Task item: A faithful copy of the data below is required, leaving out every picture.

Source data:
╭──
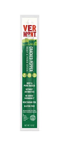 -. Title : Vermont Smoke & Cure Meat Sticks, Beef & Pork, Antibiotic Free, Gluten Free, Cracked Pepper, 1oz Stick, 24 Count
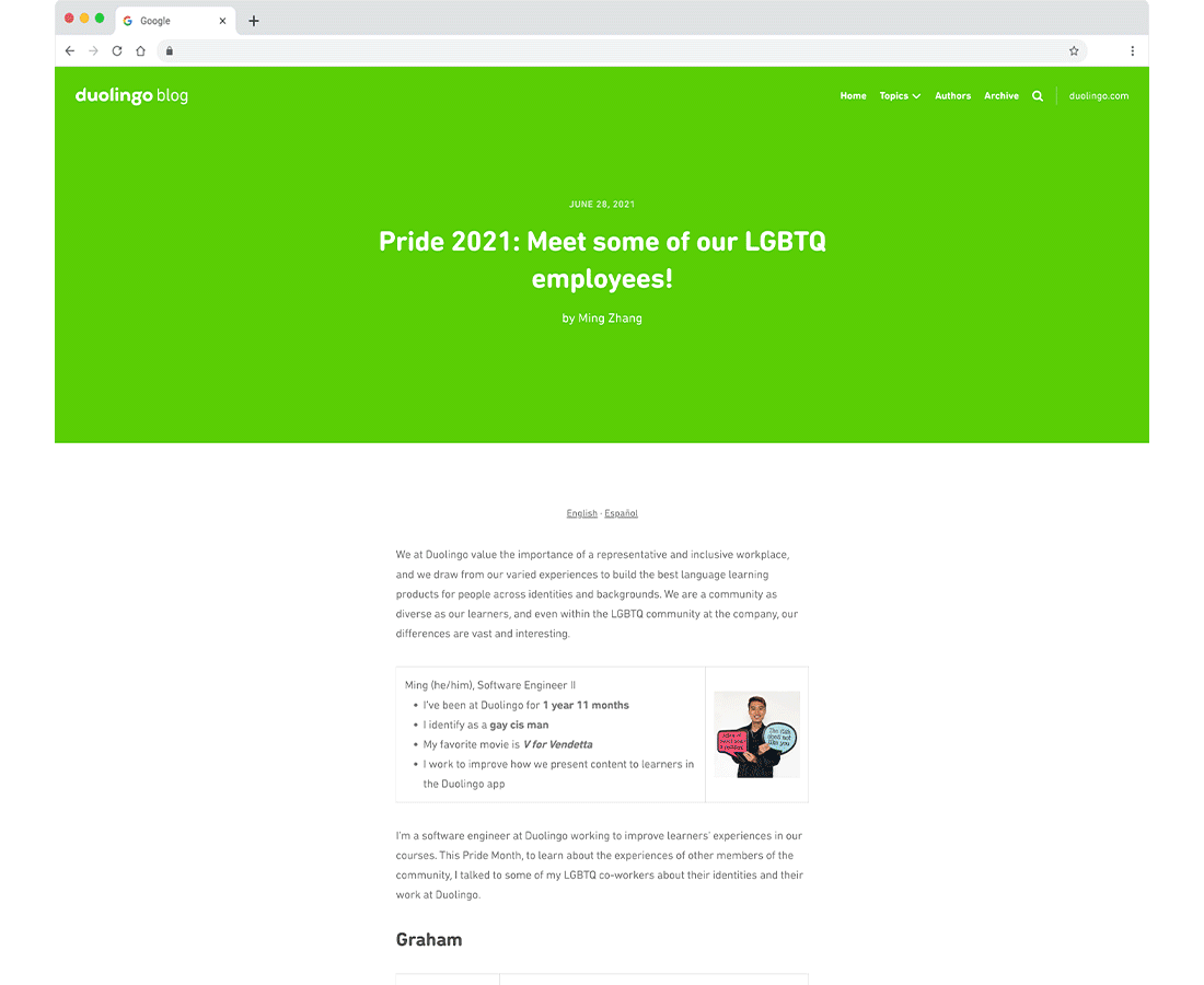 Language learning app, Duolingo, is known for including LGBT+ characters and narratives in its lessons. They feature blog posts written by staff, with testimonials from their LGBT+ employees. These blogs share personal stories of inclusion and representation, emphasising the company's commitment to diversity. Elements like this demonstrate Duolingo’s authenticity, allowing their customers to connect with real people. The diverse voices and experiences humanise the brand image, making it relatable and trustworthy. It also indicates there’s work going on behind the scenes to provide support and community within their workplace.
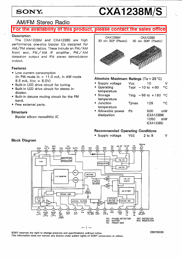 | CXA1218S | NTSC / PAL Decoder | Sony |
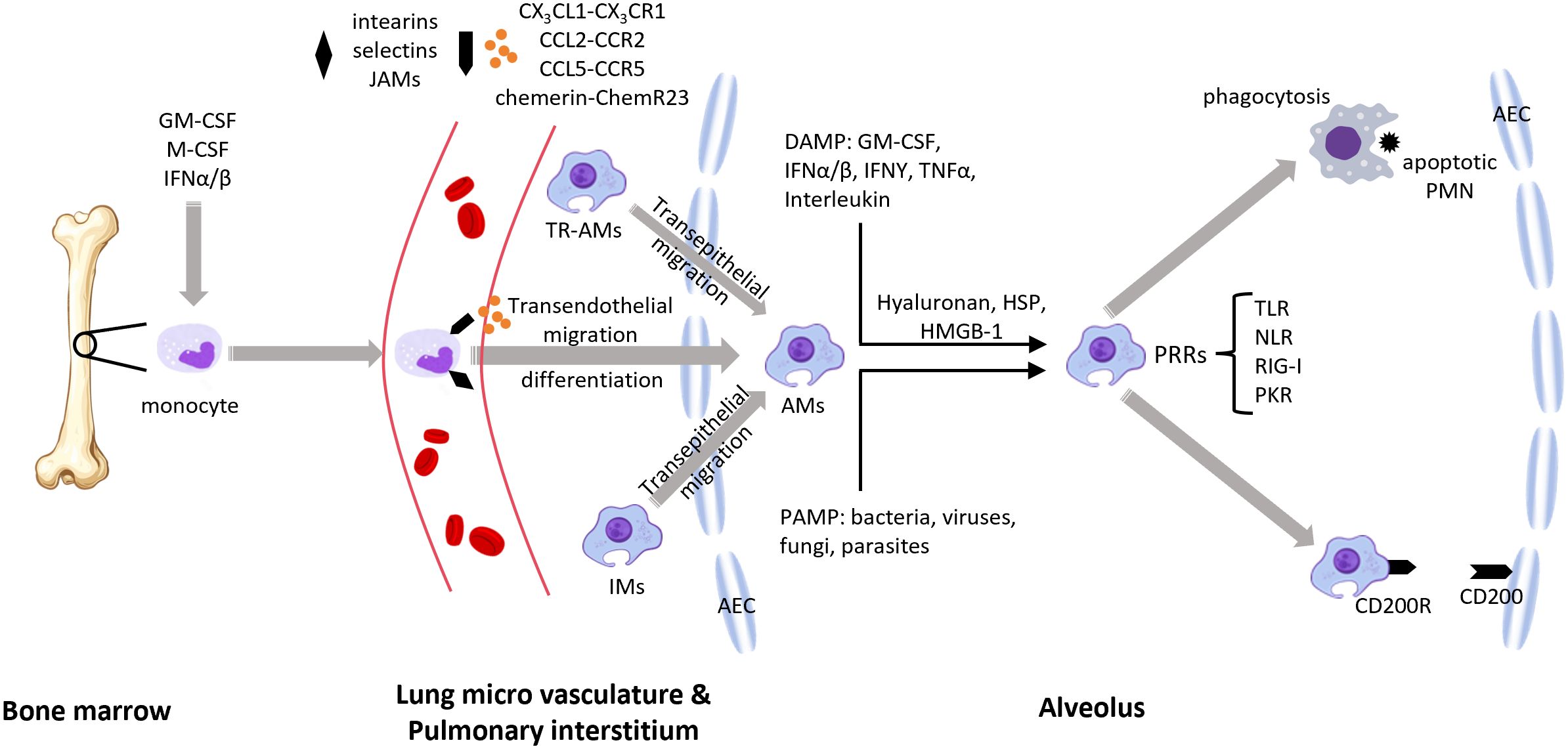 Figure 4. During pulmonary inflammation, lung macrophages from different origins can be recruited to the site of inflammation (1). Growth factors such as GM-CSF, M-CSF, and IFNs drive the differentiation and activation of macrophage progenitors (e.g., monocytes), which then enter the bloodstream (2). Macrophages are recruited to the alveoli under the influence of chemokines and their receptors, the ChemR23–chemerin axis, and adhesion molecules (3). Resident alveolar macrophages and interstitial macrophages are also recruited to the alveolar space (4). Pathogen-associated molecular patterns (PAMPs) and damage-associated molecular patterns (DAMP) transmit signals through (PRRs) (5). Macrophages phagocytose apoptotic neutrophils and promote an anti-inflammatory macrophage phenotype via the CD200–CD200R interaction. GM-CSF, granulocyte-macrophage colony-stimulating factor; M-CSF, macrophage colony-stimulating factor; IFN, interferon; JAMs, junctional adhesion molecules; TR-AMs, tissue-resident alveolar macrophages; AMs, alveolar macrophages; IMs, interstitial macrophages; DAMP, damage-associated molecular patterns; PAMP, pathogen-associated molecular patterns; HSP, heat shock proteins; HMGB-1, high-mobility group box 1; PRRs, pattern recognition receptors; TLR, toll-like receptor; NLR, NOD-like receptor; RIG-I, retinoic acid-inducible gene I; PKR, protein kinase R; PMN, polymorphonuclear neutrophils; AEC, alveolar epithelial cell.
╰──
Answer below:
 -. Title : Vermont Smoke & Cure Meat Sticks, Beef & Pork, Antibiotic Free, Gluten Free, Cracked Pepper, 1oz Stick, 24 Count
 Language learning app, Duolingo, is known for including LGBT+ characters and narratives in its lessons. They feature blog posts written by staff, with testimonials from their LGBT+ employees. These blogs share personal stories of inclusion and representation, emphasising the company's commitment to diversity. Elements like this demonstrate Duolingo’s authenticity, allowing their customers to connect with real people. The diverse voices and experiences humanise the brand image, making it relatable and trustworthy. It also indicates there’s work going on behind the scenes to provide support and community within their workplace.
 | CXA1218S | NTSC / PAL Decoder | Sony |
 Figure 4. During pulmonary inflammation, lung macrophages from different origins can be recruited to the site of inflammation (1). Growth factors such as GM-CSF, M-CSF, and IFNs drive the differentiation and activation of macrophage progenitors (e.g., monocytes), which then enter the bloodstream (2). Macrophages are recruited to the alveoli under the influence of chemokines and their receptors, the ChemR23–chemerin axis, and adhesion molecules (3). Resident alveolar macrophages and interstitial macrophages are also recruited to the alveolar space (4). Pathogen-associated molecular patterns (PAMPs) and damage-associated molecular patterns (DAMP) transmit signals through (PRRs) (5). Macrophages phagocytose apoptotic neutrophils and promote an anti-inflammatory macrophage phenotype via the CD200–CD200R interaction. GM-CSF, granulocyte-macrophage colony-stimulating factor; M-CSF, macrophage colony-stimulating factor; IFN, interferon; JAMs, junctional adhesion molecules; TR-AMs, tissue-resident alveolar macrophages; AMs, alveolar macrophages; IMs, interstitial macrophages; DAMP, damage-associated molecular patterns; PAMP, pathogen-associated molecular patterns; HSP, heat shock proteins; HMGB-1, high-mobility group box 1; PRRs, pattern recognition receptors; TLR, toll-like receptor; NLR, NOD-like receptor; RIG-I, retinoic acid-inducible gene I; PKR, protein kinase R; PMN, polymorphonuclear neutrophils; AEC, alveolar epithelial cell.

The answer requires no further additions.